Like the three Biblical “pilgrimage holidays” mentioned above, the general atmosphere of both Purim and Chanukah are the same. And there are no work restrictions on either Chanukah or Purim, as they are “minor holidays.” However, they each have their own distinct mitzvah. The central mitzvah of Purim is the reading of the Megilla, the story of Esther, and the central mitzvah of Chanukah is the lighting of the menorah, the candelabra.

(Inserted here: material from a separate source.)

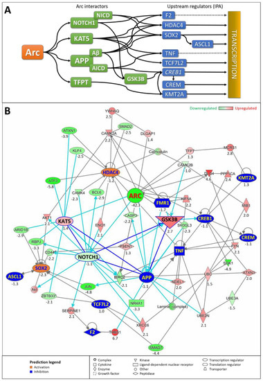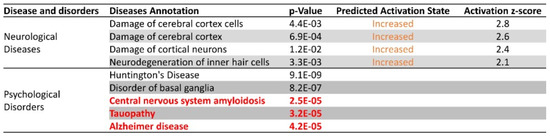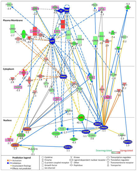 Absence of Arc was predicted to increase damage of the cerebral cortex and its neurons and cells. In addition, Arc knockdown was also associated with psychological disorders, including Huntington’s disease, basal ganglia disorder, central nervous system (CNS) amyloidosis, tauopathy and Alzheimer’s disease. Of note, CNS amyloidosis and tauopathy are predictors of AD. The activation states of the five psychological disorders were not reported, possibly due to inconsistencies in the literature findings with respect to fold changes of the differentially expressed genes. However, the p-values for all five disorders were highly significant, suggesting that the progression of these disorders may be modulated by Arc function.

However, Purim and Chanukah are celebrated in very different ways. The theme and way to celebrate Purim is essentially to “eat, drink, and be merry” while the central celebration of Chanukah is to “give thanks and praise to God.” There is no true requirement to have any elaborate meals on Chanukah.

Why the difference?

It is explained that on Purim (as with most Jewish holidays!) we thank God for saving our lives, saving our bodies. Haman wanted to kill every Jew. No exceptions. No different than Hitler. Because our “bodies” were saved, we celebrate with our bodies. There is a requirement to have an elaborate meal on Purim, to give gifts of food to others, and to increase our alcohol consumption. On Chanukah, however, God saved our “souls,” our religion. The Syrian Greeks really had no interest in exterminating the Jews. They just wanted everyone to ban Judaism and have everyone observe their religion and their way of life. As such, Chanukah is celebrated in a religious and spiritual manner.

But make no mistake. Purim is not just another “party,” rather, it is a spiritual celebration–with material props–for all the help and miracles that God does for us each and every day. So when you drink up on Purim, be sure to do so for the right reasons!